### Prompt
An exact reproduction is needed of every line from the beginning of the data down to and including the line that contains "坚定信心打赢疫情防控战役履职担当做好财务重点工作", minus the pictures.

**** Data provided

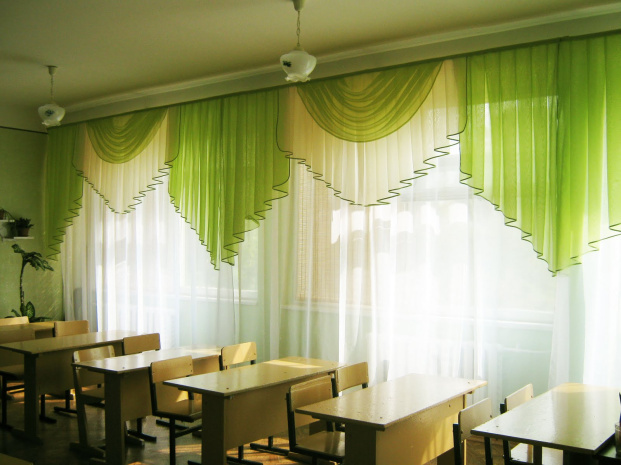 • Учебные классы: портьеры до подоконника с прямым ламбрекеном, нейтральные тона.
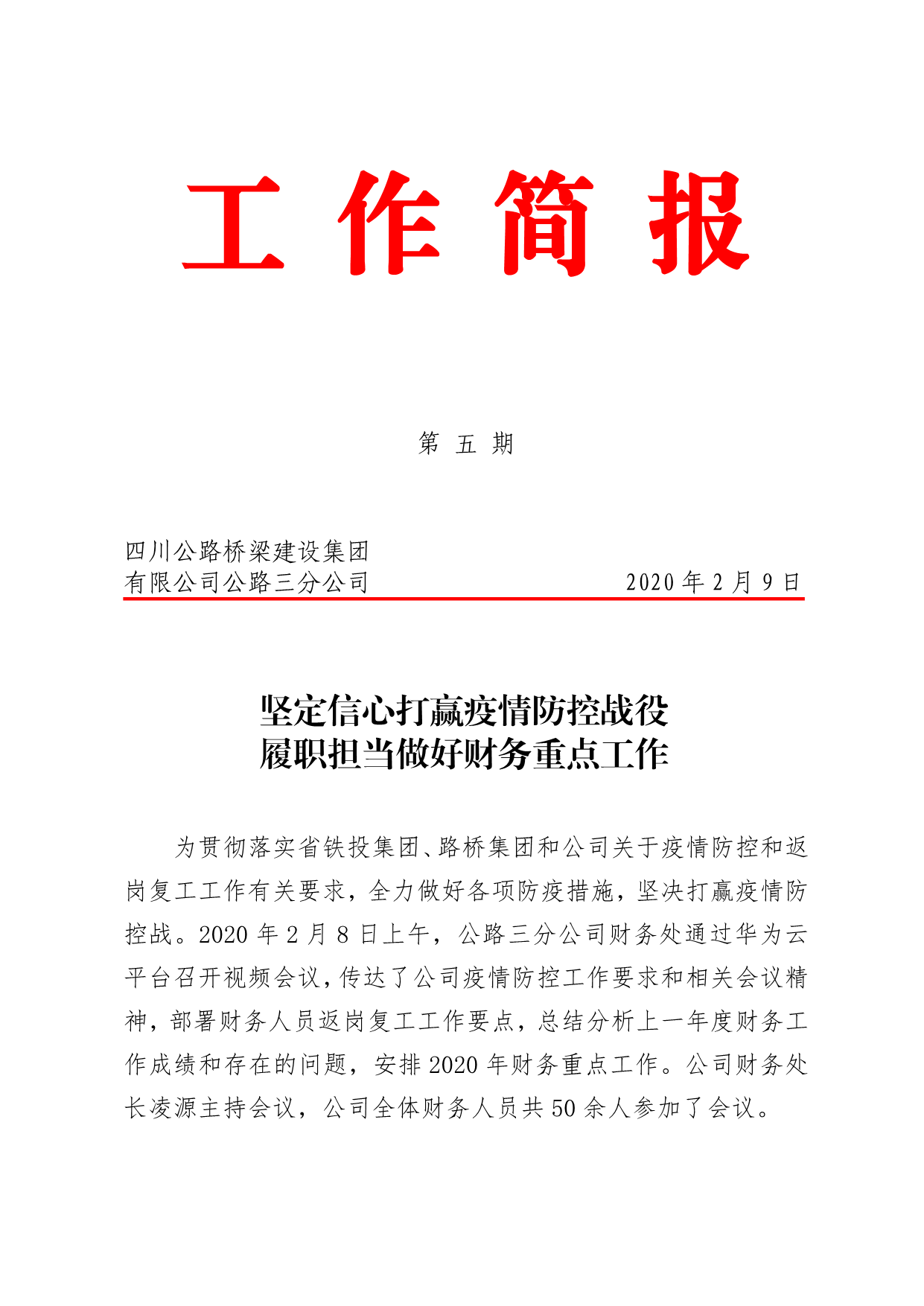 坚定信心打赢疫情防控战役履职担当做好财务重点工作
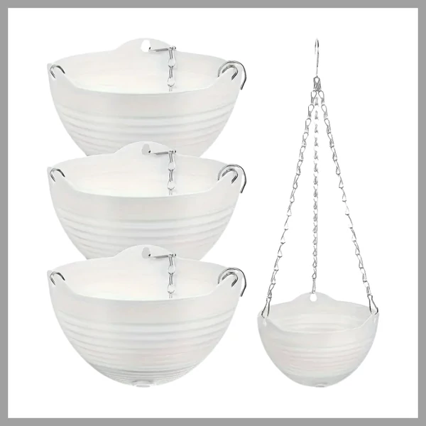 Ez a 4 darabos függő virágtartó szett ideális választás beltéri és kültéri használatra egyaránt. A fehér színű, lekerekített formájú kaspók elegáns megjelenést biztosítanak, míg a fém láncos felfüggesztés stabil és könnyen rögzíthető. A tartók alján található vízelvezető nyílás segíti a felesleges víz elfolyását, így megvédi a növényeket a túlöntözéstől.
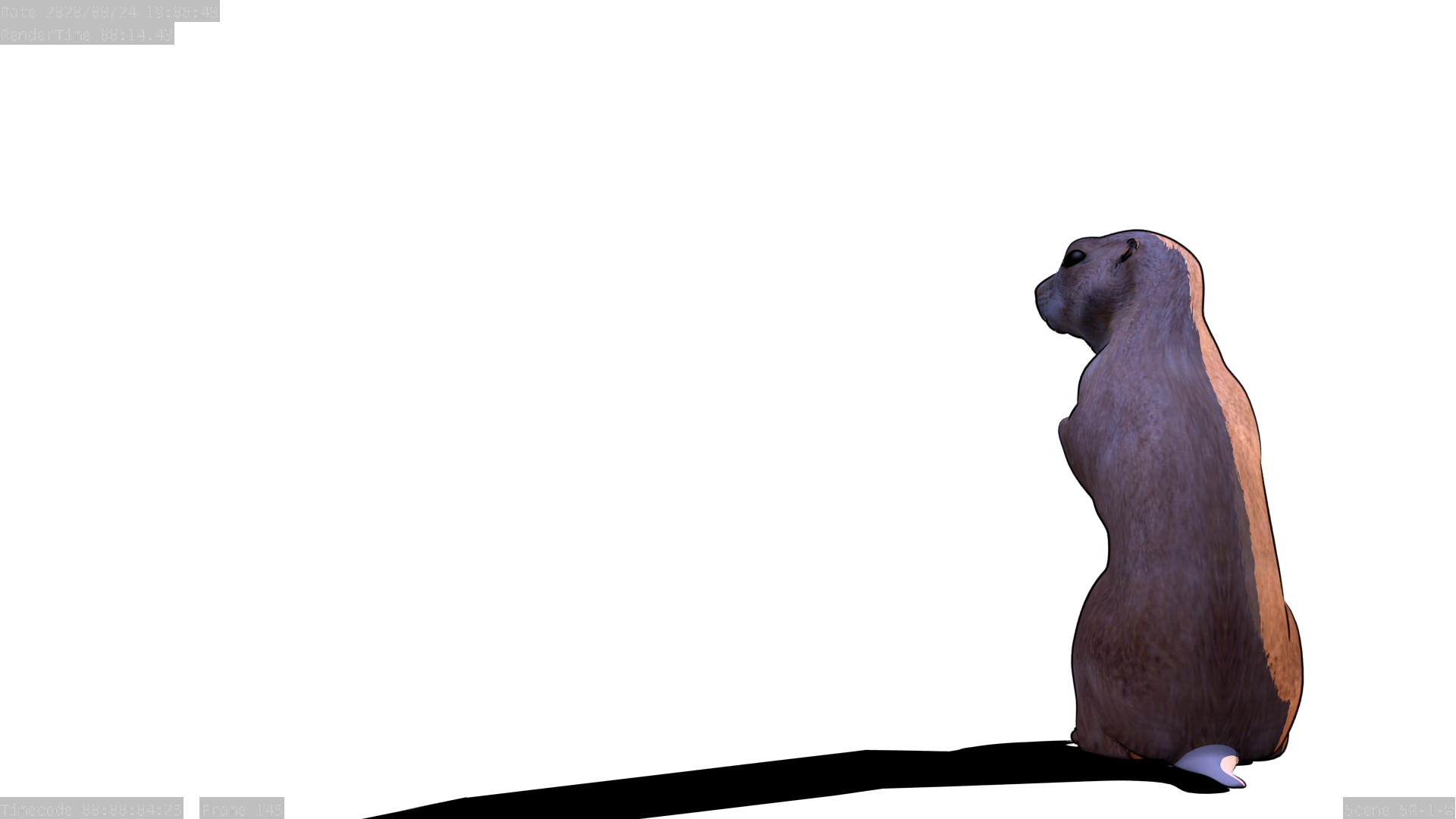 This is actually two renders and a static cel. The shadow is on a shadow-only surface, while the ground he’s sitting on is a static drawing.

********

### The answer
 • Учебные классы: портьеры до подоконника с прямым ламбрекеном, нейтральные тона.
 坚定信心打赢疫情防控战役履职担当做好财务重点工作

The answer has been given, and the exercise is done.